» Problem details: Only these lines of the data below are wanted: the one with "Ähnlich wie die", the one with "Inspirational Floral Chakra", and any lines between them, each repeated exactly.

» Source records:
────────────────

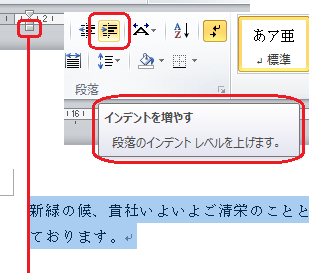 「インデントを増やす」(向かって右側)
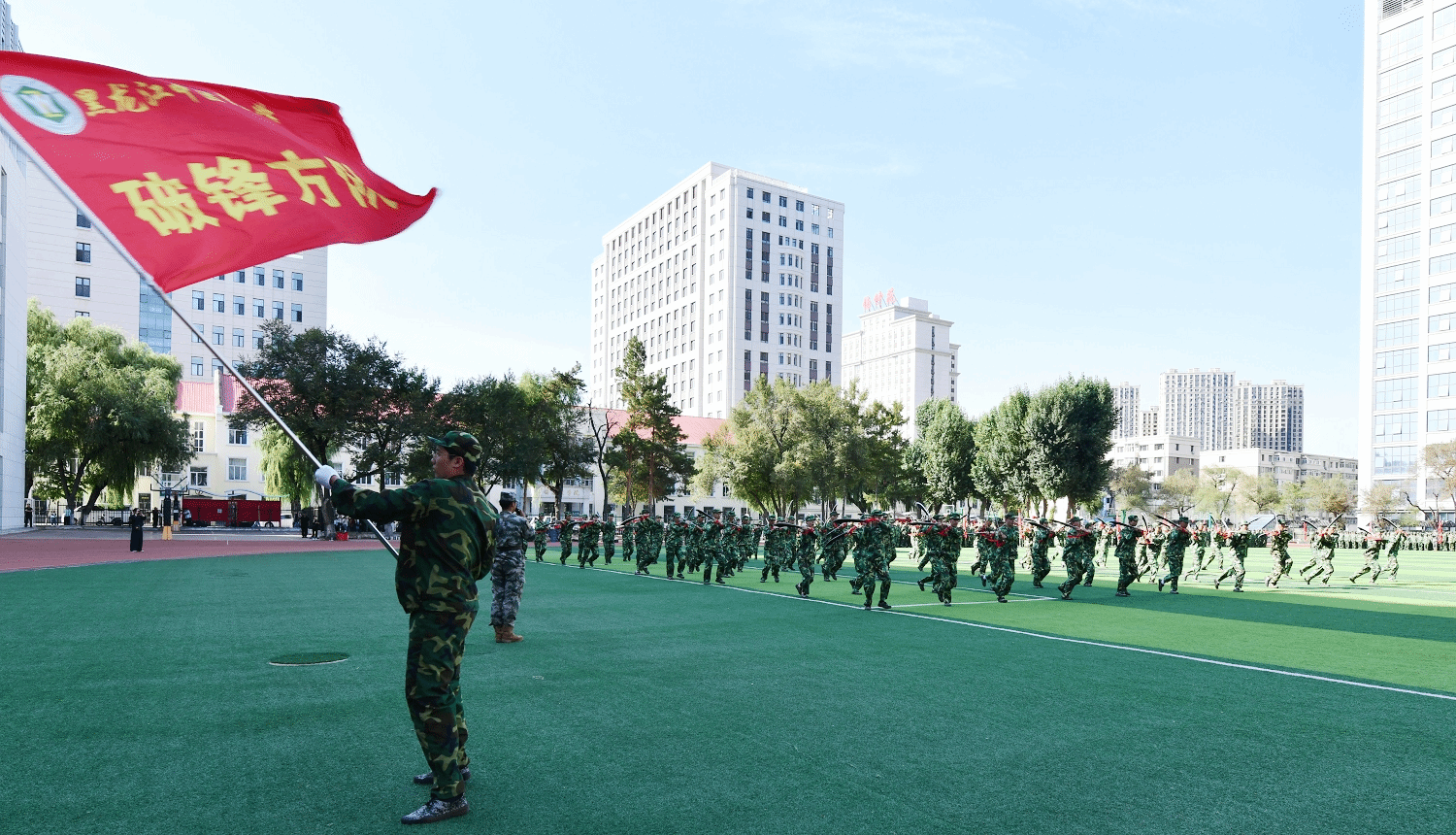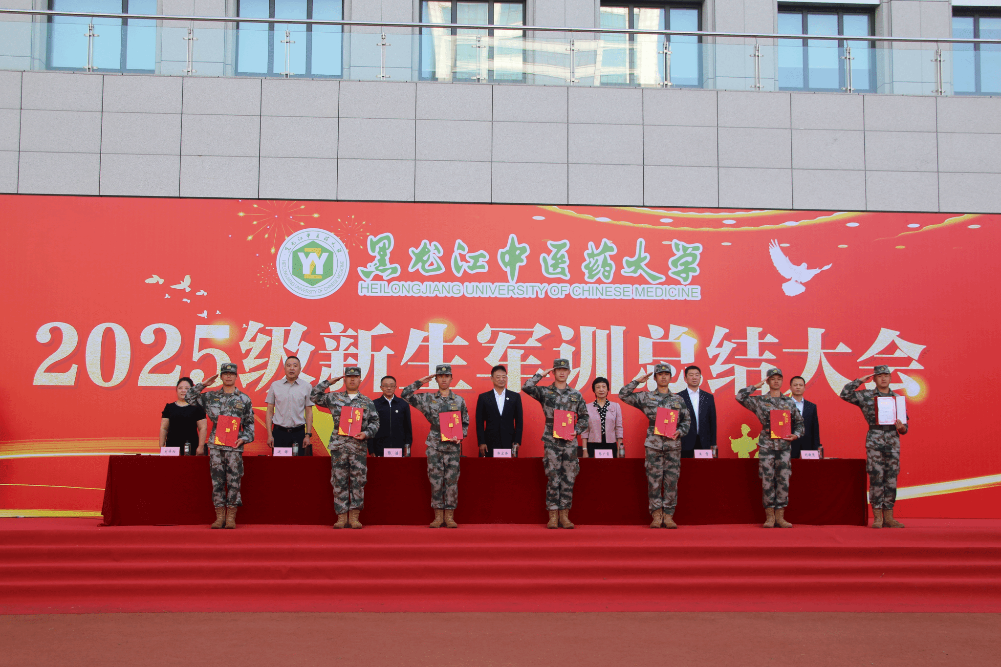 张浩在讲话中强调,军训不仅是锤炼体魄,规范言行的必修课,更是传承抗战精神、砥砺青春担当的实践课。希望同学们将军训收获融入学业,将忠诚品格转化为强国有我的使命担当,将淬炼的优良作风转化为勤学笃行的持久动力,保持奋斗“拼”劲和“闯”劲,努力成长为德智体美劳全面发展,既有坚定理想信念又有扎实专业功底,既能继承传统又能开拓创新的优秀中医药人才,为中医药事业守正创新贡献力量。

────────────────

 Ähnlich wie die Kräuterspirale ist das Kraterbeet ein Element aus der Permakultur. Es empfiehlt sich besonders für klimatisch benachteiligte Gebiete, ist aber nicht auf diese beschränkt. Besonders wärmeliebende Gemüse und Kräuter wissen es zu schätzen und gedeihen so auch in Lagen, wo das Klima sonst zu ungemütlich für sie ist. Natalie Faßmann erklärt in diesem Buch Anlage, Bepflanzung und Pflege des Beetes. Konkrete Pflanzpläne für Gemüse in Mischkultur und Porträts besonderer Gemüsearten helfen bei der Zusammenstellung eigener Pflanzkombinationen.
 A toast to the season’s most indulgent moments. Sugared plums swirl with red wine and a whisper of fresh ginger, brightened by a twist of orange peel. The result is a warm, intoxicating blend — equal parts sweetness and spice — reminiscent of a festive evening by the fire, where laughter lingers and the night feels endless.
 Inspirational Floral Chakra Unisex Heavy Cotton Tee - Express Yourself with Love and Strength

────────────────

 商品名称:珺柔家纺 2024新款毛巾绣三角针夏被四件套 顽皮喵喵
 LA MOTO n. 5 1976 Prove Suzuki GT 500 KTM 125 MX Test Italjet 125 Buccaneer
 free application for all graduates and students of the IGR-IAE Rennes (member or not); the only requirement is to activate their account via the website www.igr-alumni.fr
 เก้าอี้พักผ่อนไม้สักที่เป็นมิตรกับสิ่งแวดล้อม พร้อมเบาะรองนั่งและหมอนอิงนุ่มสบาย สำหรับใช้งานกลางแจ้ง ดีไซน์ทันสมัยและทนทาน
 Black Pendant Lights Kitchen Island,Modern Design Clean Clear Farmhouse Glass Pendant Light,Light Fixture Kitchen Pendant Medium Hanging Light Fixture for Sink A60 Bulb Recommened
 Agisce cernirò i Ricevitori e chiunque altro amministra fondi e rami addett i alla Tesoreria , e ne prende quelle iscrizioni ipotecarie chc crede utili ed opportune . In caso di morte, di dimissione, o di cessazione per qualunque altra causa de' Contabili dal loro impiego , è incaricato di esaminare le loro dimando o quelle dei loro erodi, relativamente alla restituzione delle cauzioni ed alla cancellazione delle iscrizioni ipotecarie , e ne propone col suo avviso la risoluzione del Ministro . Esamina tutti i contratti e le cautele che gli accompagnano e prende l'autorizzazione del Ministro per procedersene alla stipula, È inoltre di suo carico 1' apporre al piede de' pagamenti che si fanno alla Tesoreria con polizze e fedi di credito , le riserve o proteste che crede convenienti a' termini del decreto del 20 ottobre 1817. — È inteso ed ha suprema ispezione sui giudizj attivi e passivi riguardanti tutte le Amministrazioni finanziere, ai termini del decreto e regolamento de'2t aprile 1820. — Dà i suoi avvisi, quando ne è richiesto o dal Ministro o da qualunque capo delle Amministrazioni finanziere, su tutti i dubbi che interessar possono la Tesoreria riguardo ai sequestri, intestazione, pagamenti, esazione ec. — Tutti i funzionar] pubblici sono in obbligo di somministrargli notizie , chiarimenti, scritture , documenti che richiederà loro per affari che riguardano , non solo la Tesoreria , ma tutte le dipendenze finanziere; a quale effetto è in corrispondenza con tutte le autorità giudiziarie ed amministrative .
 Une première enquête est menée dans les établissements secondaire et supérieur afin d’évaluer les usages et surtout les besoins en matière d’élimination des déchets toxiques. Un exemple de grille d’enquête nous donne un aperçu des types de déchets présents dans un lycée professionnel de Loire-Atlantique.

────────────────

» Task response:
 Ähnlich wie die Kräuterspirale ist das Kraterbeet ein Element aus der Permakultur. Es empfiehlt sich besonders für klimatisch benachteiligte Gebiete, ist aber nicht auf diese beschränkt. Besonders wärmeliebende Gemüse und Kräuter wissen es zu schätzen und gedeihen so auch in Lagen, wo das Klima sonst zu ungemütlich für sie ist. Natalie Faßmann erklärt in diesem Buch Anlage, Bepflanzung und Pflege des Beetes. Konkrete Pflanzpläne für Gemüse in Mischkultur und Porträts besonderer Gemüsearten helfen bei der Zusammenstellung eigener Pflanzkombinationen.
 A toast to the season’s most indulgent moments. Sugared plums swirl with red wine and a whisper of fresh ginger, brightened by a twist of orange peel. The result is a warm, intoxicating blend — equal parts sweetness and spice — reminiscent of a festive evening by the fire, where laughter lingers and the night feels endless.
 Inspirational Floral Chakra Unisex Heavy Cotton Tee - Express Yourself with Love and Strength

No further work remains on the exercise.